DESCRIPTION OF THE PREFERRED EMBODIMENT OF THE INVENTION

In FIGS. 1-4, golf ball 10 has a dimple pattern 11 formed by projecting an octahedron (not shown) onto a spherical surface 12 determined by the diameter of ball 10. Surface 12 is initially divided by three great circle parting lines 13, 14 and 15 projected from the edges of a regular octahedron inscribed inside spherical surface 12 (which octahedron is not shown in the figures) to form eight (8) spherical triangles; four (4) triangles 18 a-d in the upper hemisphere and four (4) triangles 19a-d in the lower hemisphere (19c is not visible). Parting line 13 is the equatorial line. Each triangle 18a-d, 19a-d is in turn divided into three (3) identical spherical quadrilaterals A, B and C. The angle between division lines or sides c and b is 120 degrees. Sides d and a are not equal in this embodiment.
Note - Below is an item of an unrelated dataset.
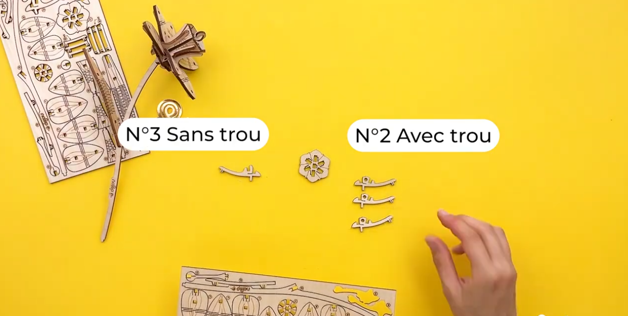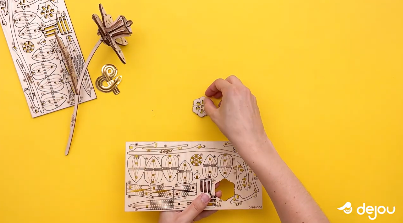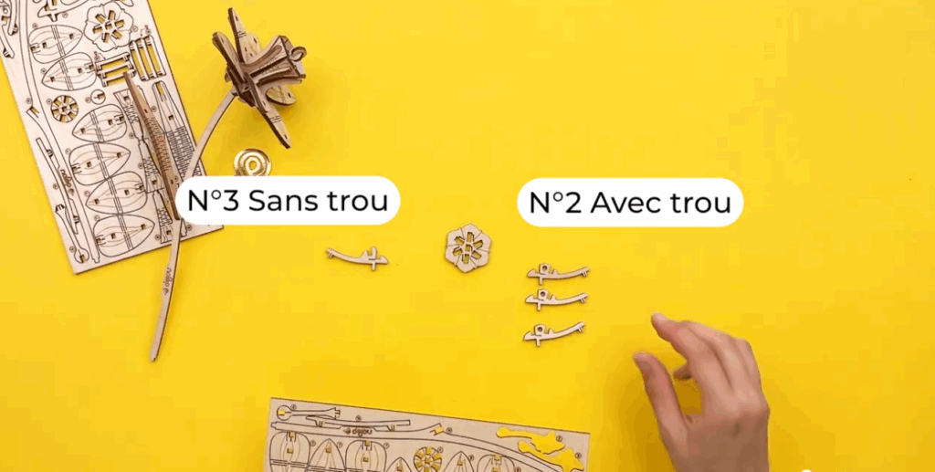 Tout d’abord, détacher la pièce numéro 1 pour commencer votre maquette fleur en bois.
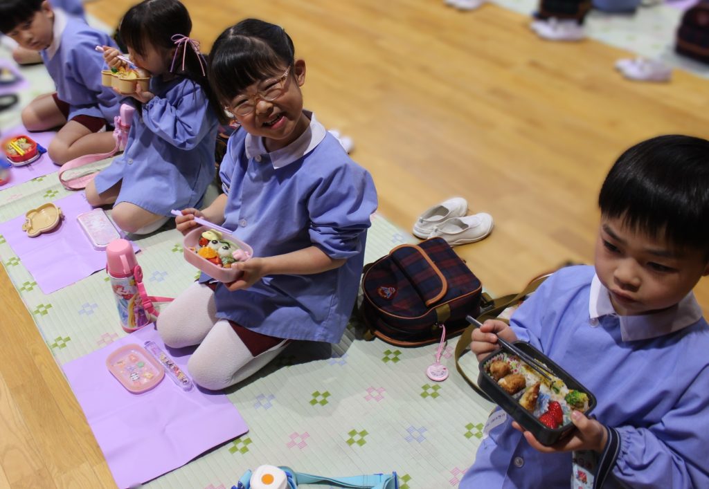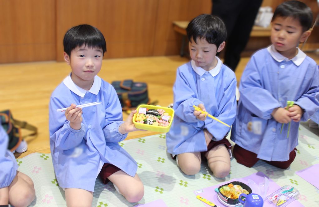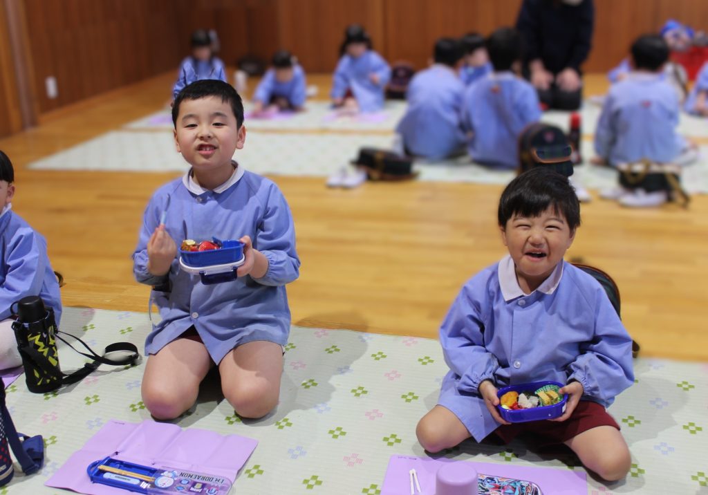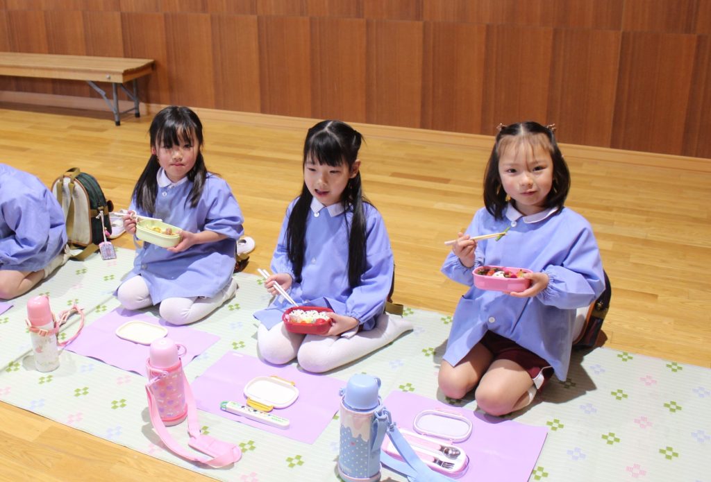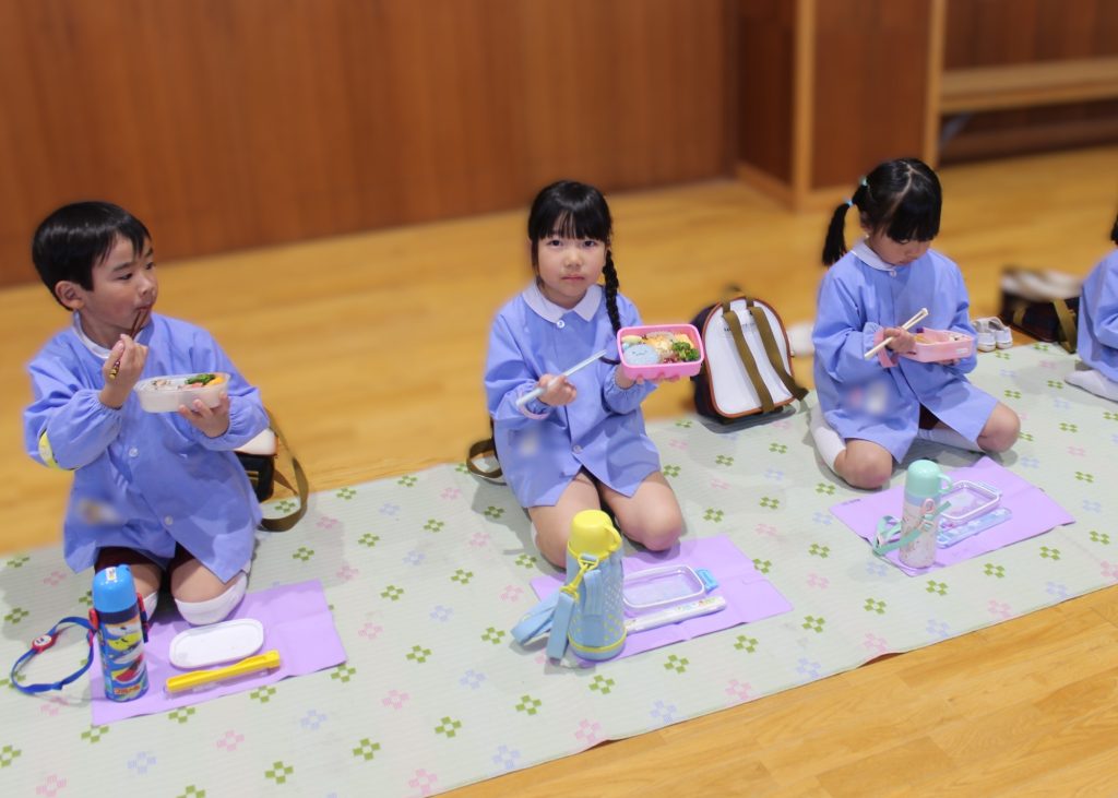 年長組さんは幼稚園で食べる最後のお弁当でした!お家の方にたくさんありがとうの気持ちを感じながら食べていましたよ✨

Angles x, y and z formed at the intersection of sides c, b and g are each 120 degrees (FIG. 1).

Turning to FIGS. 2-4, ball 10 has 456 dimples of varying diameters, as set forth in the following table:

              TABLE I______________________________________Number of Dimples           Dimple Diameter______________________________________72              .100 in.24              .110 in.72              .120 in.24              .130 in.48              .140 in.120             .150 in.96              .160 in.______________________________________

FIG. 3 shows quadrilaterals A, B and C. Quadrilateral A has sides a through d and dimples A1 through A19. The dimples are arranged so that none of them intersects sides a or d or extensions thereof, since these sides (a, d) lie along great circle parting lines. Dimples may intersect sides b or c, provided that their centers lie on side b or c. Dimples A4 and All intersect side c, and their centers lie on side c. Quadrilaterals B and C have the same dimple arrangement as A. When nested together as in FIG. 4, they form one of the spherical triangles 18a-d or 19a-d. Therefore, each triangle 18a-d, 19a-d composed of quadrilaterals A, B and C has 57 dimples and ball 10, with its eight (8) triangles has a total of 456 dimples. FIG. 4a illustrates the lack of bilateral symmetry across apex lines j, k and l. Bilateral symmetry across a line means that for each dimple or portion of a dimple on one side of such line there is a corresponding dimple or portion thereof on the other side of such line having the same size and shape and which is at the same orientation from the line.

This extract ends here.